US 12,436,989 B2
Fast clustering of log messages
Esteban Pérez Wohlfeil, Linz (AT)
Assigned to Dynatrace LLC, Boston, MA (US)
Filed by Dynatrace LLC, Waltham, MA (US)
Filed on Nov. 22, 2023, as Appl. No. 18/517,930.
Claims priority of provisional application 63/433,160, filed on Dec. 16, 2022.
Prior Publication US 2024/0202227 A1, Jun. 20, 2024
Int. Cl. G06F 16/35 (2025.01); G06F 16/353 (2025.01)

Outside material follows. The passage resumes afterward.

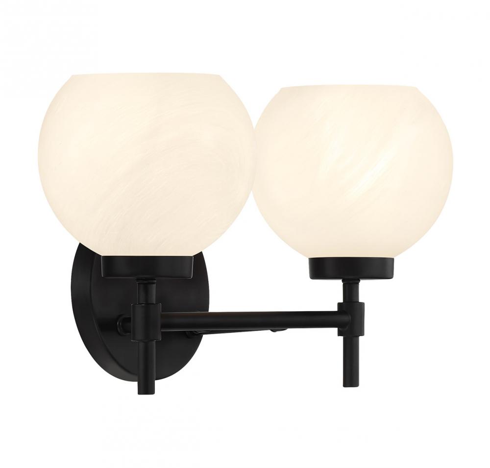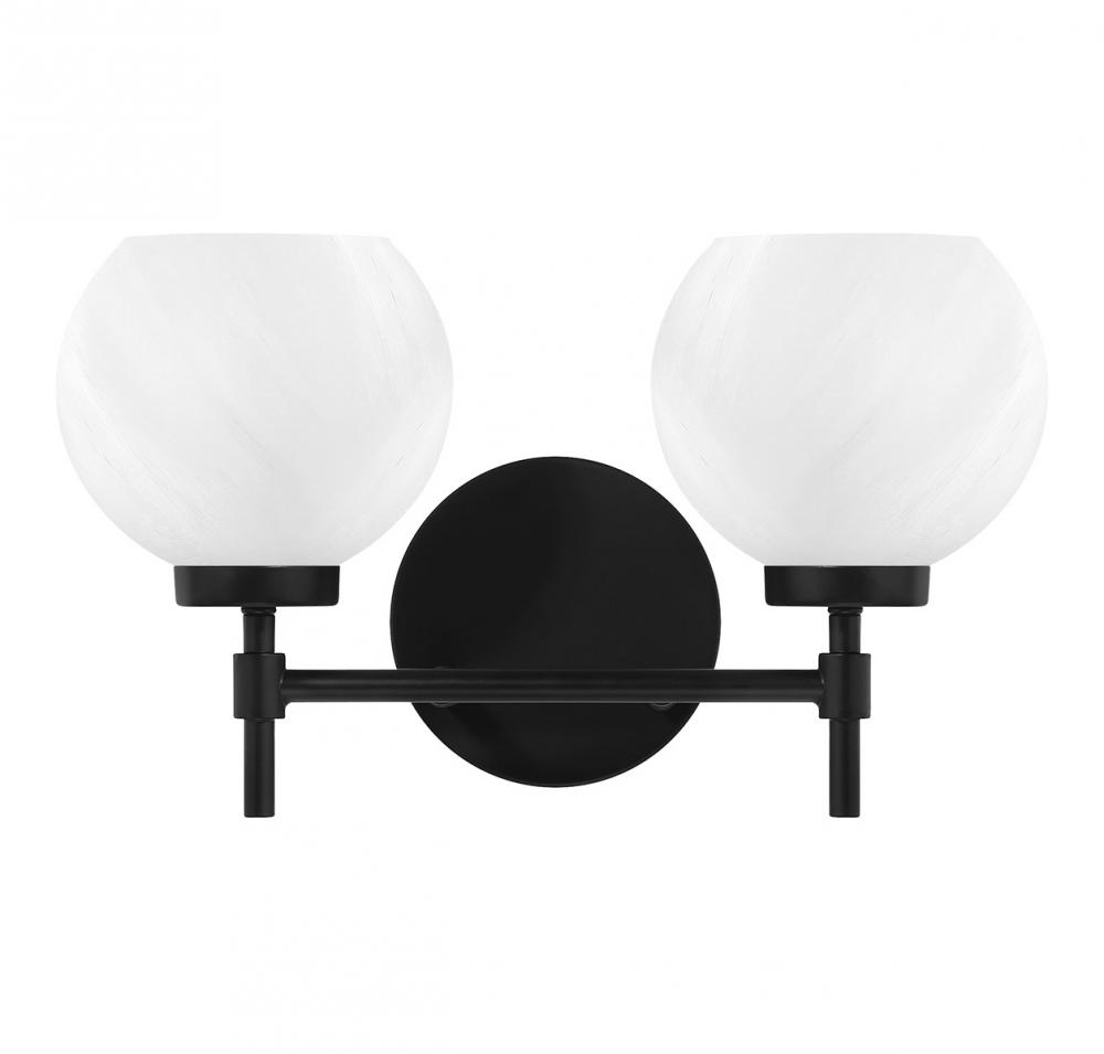 Bring vintage-inspired lighting to your bath with the bright and beautiful Hannah 2-light bath light. Shades of white strie glass feature eye-catching wisps and swirls that add a touch of dimension and intrigue. The streamlined structure, finished in Matte Black, allows the magic of the strie glass to take center stage. Hannah is 8" in height, 16" in width and extends 7" from the wall. Uses two standard size bulbs of up to 60 watts per bulb. Bulbs not included. This bath light is damp area rated and may be installed with the glass facing up or down.
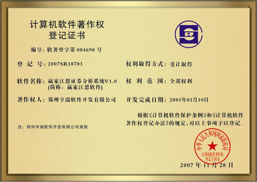 2007年獲得國家《計算機軟件著作登記證書》

CPC G06F 16/353 (2019.01) 22 Claims
OG exemplary drawing
 
1. A computer-implemented method for analyzing log messages, comprising:
receiving, by a computer processor, a plurality of log message from a list of log messages;
for each log message in the log messages, generating, by the computer processor, a fingerprint for the log message and appending the fingerprint to the log message, where the fingerprint is comprised of punctuation characters in the log message;
sorting, by the computer processor, the log messages in the list of log messages according to the punctuation characters comprising a fingerprint for a given log message; and
clustering, by the computer processor, log messages in the sorted list of log messages into a final set of clusters, where each cluster in the final set of clusters includes one or more log messages and the log messages in each cluster have fingerprints similar to other log messages in the cluster;
wherein clustering the sorted list of log messages further comprises
clustering log messages in the sorted list of log messages into a first set of clusters, where log messages in each cluster of the first set of clusters has identical fingerprints; and
computing a similarity metric between a fingerprint from a given cluster of the first set of clusters and a fingerprint from each of one or more subsequent clusters in the first set of clusters, and combining log messages from a particular cluster in the one or more subsequent clusters into the given cluster when the similarity metric for the particular cluster is less than a similarity threshold.